=== Material for this task ===

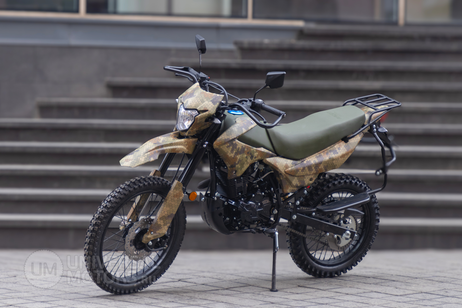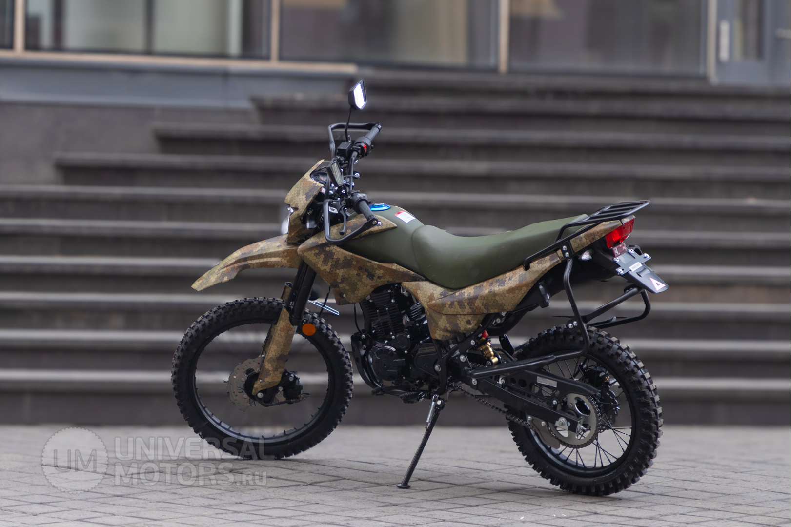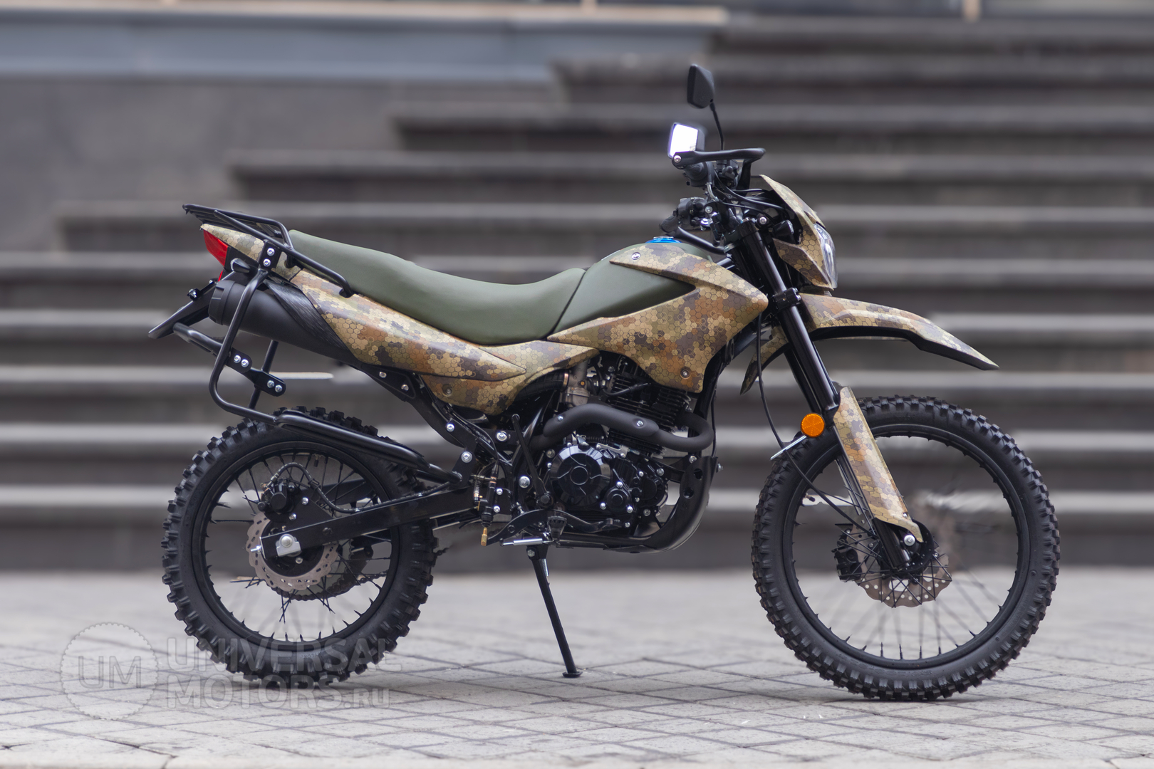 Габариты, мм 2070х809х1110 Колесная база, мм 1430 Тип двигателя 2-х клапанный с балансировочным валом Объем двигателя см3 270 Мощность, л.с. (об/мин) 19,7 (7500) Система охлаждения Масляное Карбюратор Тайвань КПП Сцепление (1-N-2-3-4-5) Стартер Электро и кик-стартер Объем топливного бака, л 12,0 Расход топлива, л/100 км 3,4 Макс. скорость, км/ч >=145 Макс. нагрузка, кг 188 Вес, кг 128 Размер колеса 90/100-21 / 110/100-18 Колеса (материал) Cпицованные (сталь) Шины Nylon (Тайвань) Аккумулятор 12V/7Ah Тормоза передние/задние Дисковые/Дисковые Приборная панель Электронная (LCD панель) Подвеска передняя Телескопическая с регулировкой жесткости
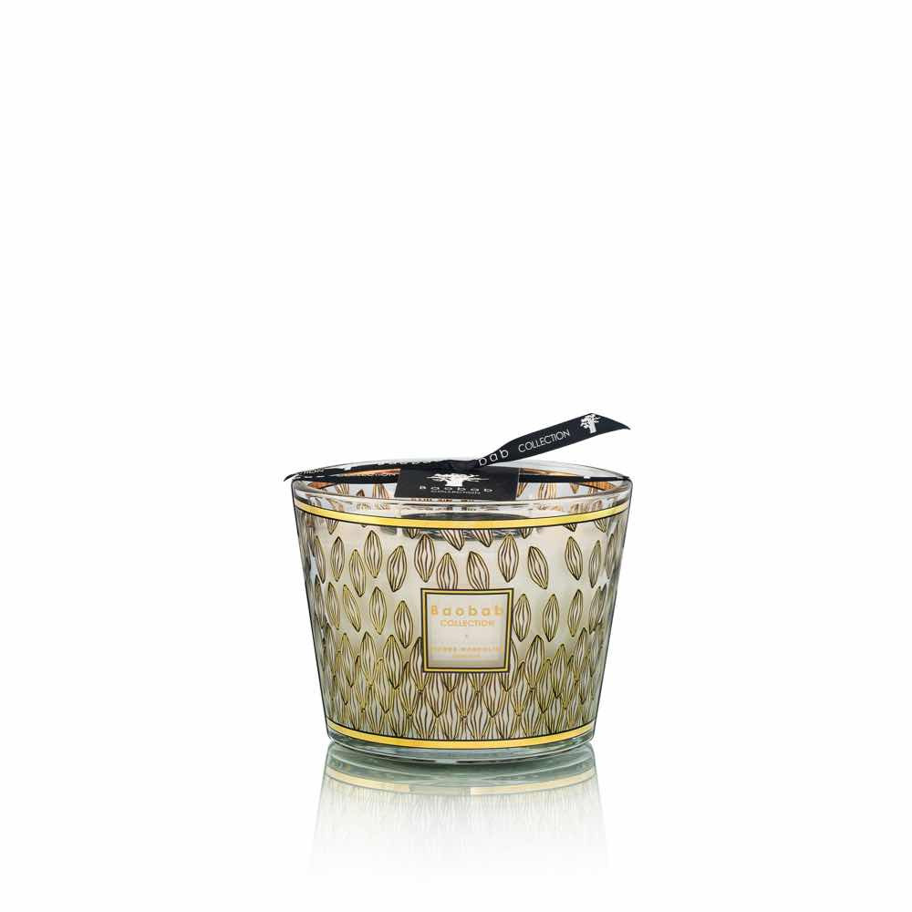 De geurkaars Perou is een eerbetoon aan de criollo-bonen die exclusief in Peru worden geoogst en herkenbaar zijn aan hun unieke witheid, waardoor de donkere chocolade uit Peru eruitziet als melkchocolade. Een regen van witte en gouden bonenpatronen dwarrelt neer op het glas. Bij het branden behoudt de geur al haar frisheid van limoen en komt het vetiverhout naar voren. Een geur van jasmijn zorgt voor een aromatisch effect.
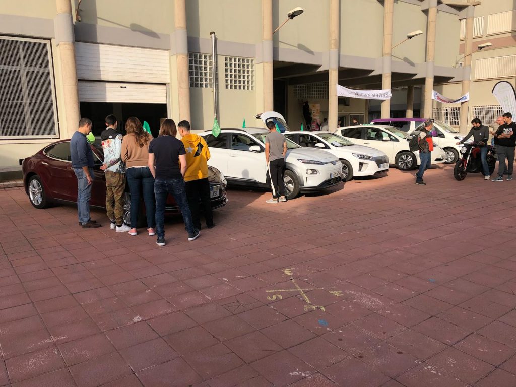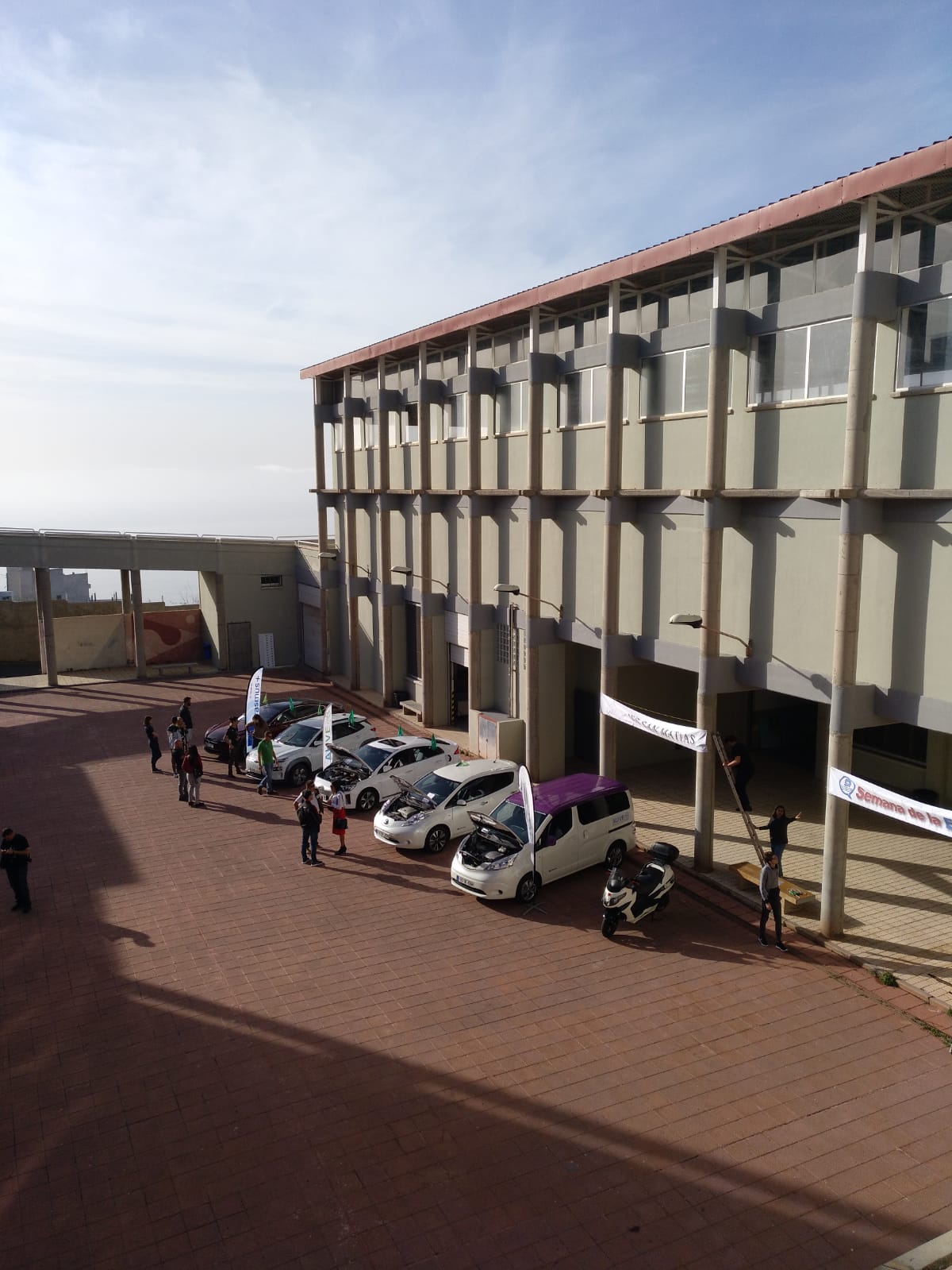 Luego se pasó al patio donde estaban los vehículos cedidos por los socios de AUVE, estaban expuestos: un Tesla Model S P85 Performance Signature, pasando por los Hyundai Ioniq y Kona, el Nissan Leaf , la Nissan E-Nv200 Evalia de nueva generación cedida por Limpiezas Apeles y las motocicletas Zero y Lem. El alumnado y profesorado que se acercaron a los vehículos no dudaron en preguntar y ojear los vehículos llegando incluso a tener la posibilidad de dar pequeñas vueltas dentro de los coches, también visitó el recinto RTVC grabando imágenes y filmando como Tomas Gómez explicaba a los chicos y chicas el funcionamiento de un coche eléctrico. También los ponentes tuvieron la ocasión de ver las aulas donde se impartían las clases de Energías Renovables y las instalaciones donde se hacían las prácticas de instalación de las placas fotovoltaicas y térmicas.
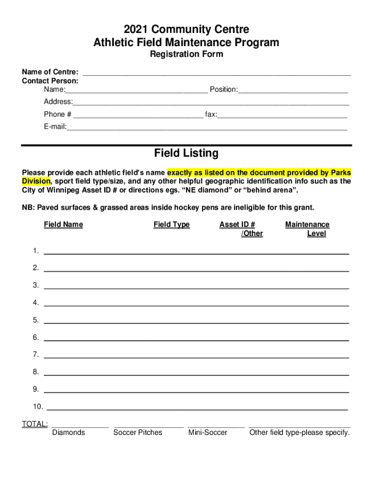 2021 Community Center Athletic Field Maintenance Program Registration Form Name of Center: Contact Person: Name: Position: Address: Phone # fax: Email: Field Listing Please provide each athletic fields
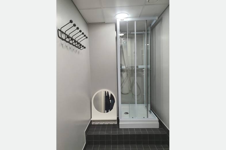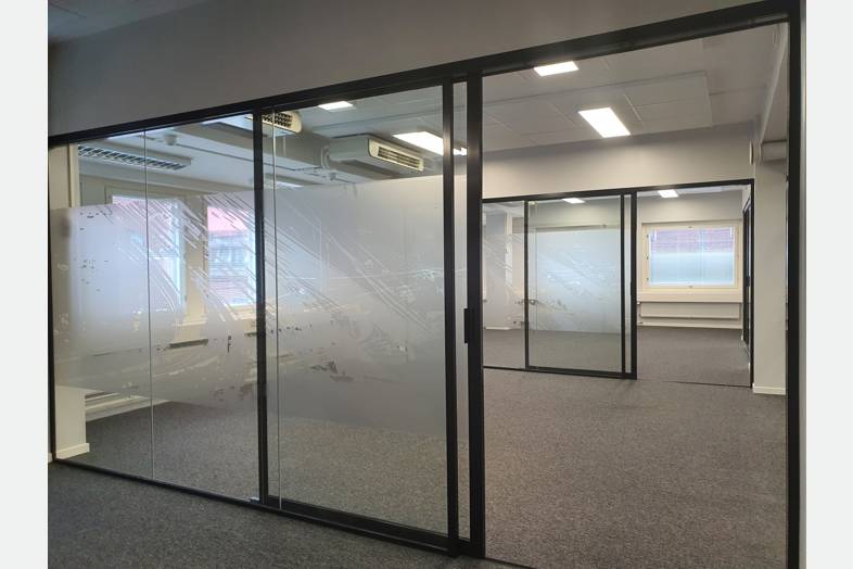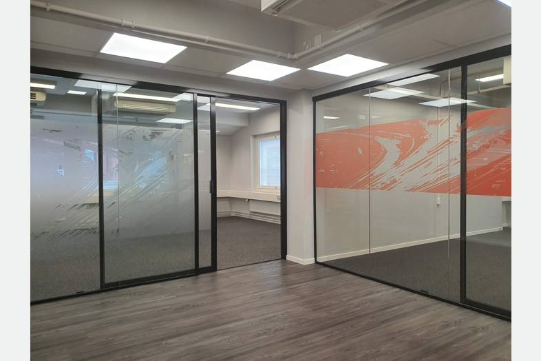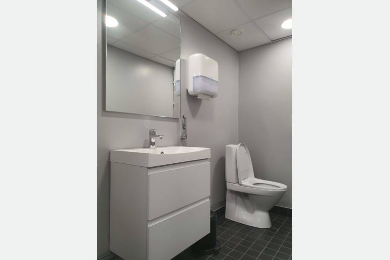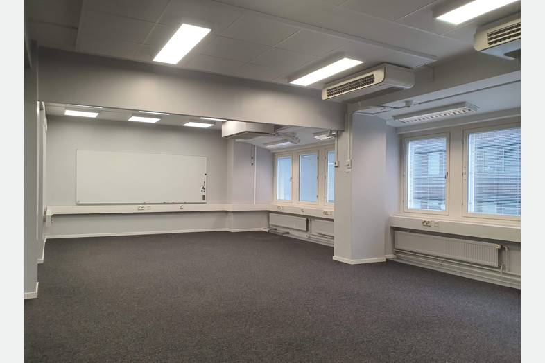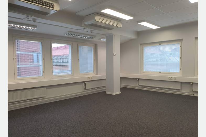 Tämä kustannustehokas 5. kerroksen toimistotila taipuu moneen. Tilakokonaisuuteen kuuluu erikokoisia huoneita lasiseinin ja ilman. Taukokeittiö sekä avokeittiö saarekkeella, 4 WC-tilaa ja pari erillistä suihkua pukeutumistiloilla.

===

Skipping any pictures, copy the entries exactly as they appear.

 Габариты, мм 2070х809х1110 Колесная база, мм 1430 Тип двигателя 2-х клапанный с балансировочным валом Объем двигателя см3 270 Мощность, л.с. (об/мин) 19,7 (7500) Система охлаждения Масляное Карбюратор Тайвань КПП Сцепление (1-N-2-3-4-5) Стартер Электро и кик-стартер Объем топливного бака, л 12,0 Расход топлива, л/100 км 3,4 Макс. скорость, км/ч >=145 Макс. нагрузка, кг 188 Вес, кг 128 Размер колеса 90/100-21 / 110/100-18 Колеса (материал) Cпицованные (сталь) Шины Nylon (Тайвань) Аккумулятор 12V/7Ah Тормоза передние/задние Дисковые/Дисковые Приборная панель Электронная (LCD панель) Подвеска передняя Телескопическая с регулировкой жесткости
 De geurkaars Perou is een eerbetoon aan de criollo-bonen die exclusief in Peru worden geoogst en herkenbaar zijn aan hun unieke witheid, waardoor de donkere chocolade uit Peru eruitziet als melkchocolade. Een regen van witte en gouden bonenpatronen dwarrelt neer op het glas. Bij het branden behoudt de geur al haar frisheid van limoen en komt het vetiverhout naar voren. Een geur van jasmijn zorgt voor een aromatisch effect.
 Luego se pasó al patio donde estaban los vehículos cedidos por los socios de AUVE, estaban expuestos: un Tesla Model S P85 Performance Signature, pasando por los Hyundai Ioniq y Kona, el Nissan Leaf , la Nissan E-Nv200 Evalia de nueva generación cedida por Limpiezas Apeles y las motocicletas Zero y Lem. El alumnado y profesorado que se acercaron a los vehículos no dudaron en preguntar y ojear los vehículos llegando incluso a tener la posibilidad de dar pequeñas vueltas dentro de los coches, también visitó el recinto RTVC grabando imágenes y filmando como Tomas Gómez explicaba a los chicos y chicas el funcionamiento de un coche eléctrico. También los ponentes tuvieron la ocasión de ver las aulas donde se impartían las clases de Energías Renovables y las instalaciones donde se hacían las prácticas de instalación de las placas fotovoltaicas y térmicas.
 2021 Community Center Athletic Field Maintenance Program Registration Form Name of Center: Contact Person: Name: Position: Address: Phone # fax: Email: Field Listing Please provide each athletic fields
 Tämä kustannustehokas 5. kerroksen toimistotila taipuu moneen. Tilakokonaisuuteen kuuluu erikokoisia huoneita lasiseinin ja ilman. Taukokeittiö sekä avokeittiö saarekkeella, 4 WC-tilaa ja pari erillistä suihkua pukeutumistiloilla.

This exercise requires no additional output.